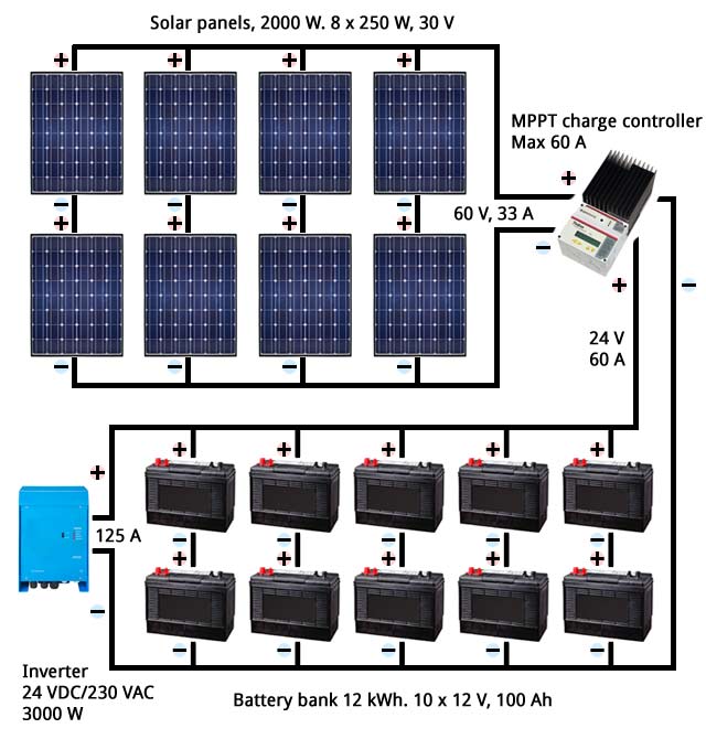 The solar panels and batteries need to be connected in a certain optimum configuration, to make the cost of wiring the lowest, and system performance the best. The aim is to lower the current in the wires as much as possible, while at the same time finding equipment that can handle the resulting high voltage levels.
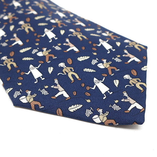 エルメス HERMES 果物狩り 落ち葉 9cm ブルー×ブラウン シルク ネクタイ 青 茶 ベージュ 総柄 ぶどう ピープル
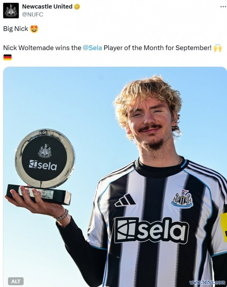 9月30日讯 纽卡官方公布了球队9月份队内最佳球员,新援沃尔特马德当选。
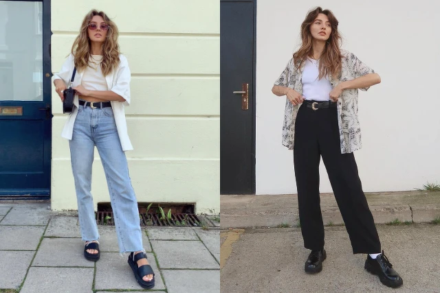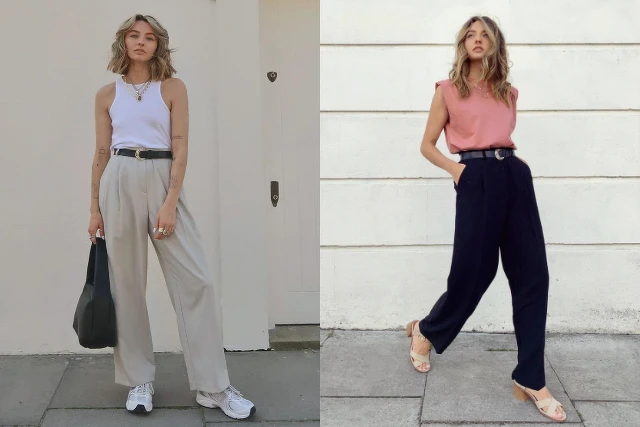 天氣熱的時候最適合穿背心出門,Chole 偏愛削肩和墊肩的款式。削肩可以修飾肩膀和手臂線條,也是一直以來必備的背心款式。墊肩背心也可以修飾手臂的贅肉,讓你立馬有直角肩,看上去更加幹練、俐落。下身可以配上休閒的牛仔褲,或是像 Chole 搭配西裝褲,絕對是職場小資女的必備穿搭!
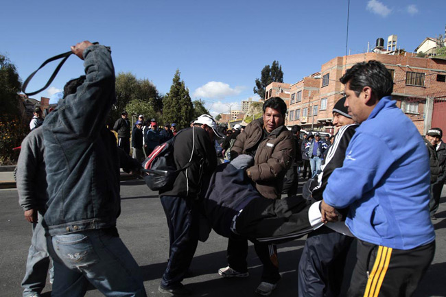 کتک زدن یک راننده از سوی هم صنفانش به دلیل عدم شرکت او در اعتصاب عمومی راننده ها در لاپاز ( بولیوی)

########################################

GOAL OF THE EXERCISE:
Find the line that contains "エルメス HERMES 果物狩り", then write out that line and every line after it through the end of the records, exactly. Leave the pictures out.

OUTPUT OF THE EXERCISE:
 エルメス HERMES 果物狩り 落ち葉 9cm ブルー×ブラウン シルク ネクタイ 青 茶 ベージュ 総柄 ぶどう ピープル
 9月30日讯 纽卡官方公布了球队9月份队内最佳球员,新援沃尔特马德当选。
 天氣熱的時候最適合穿背心出門,Chole 偏愛削肩和墊肩的款式。削肩可以修飾肩膀和手臂線條,也是一直以來必備的背心款式。墊肩背心也可以修飾手臂的贅肉,讓你立馬有直角肩,看上去更加幹練、俐落。下身可以配上休閒的牛仔褲,或是像 Chole 搭配西裝褲,絕對是職場小資女的必備穿搭!
 کتک زدن یک راننده از سوی هم صنفانش به دلیل عدم شرکت او در اعتصاب عمومی راننده ها در لاپاز ( بولیوی)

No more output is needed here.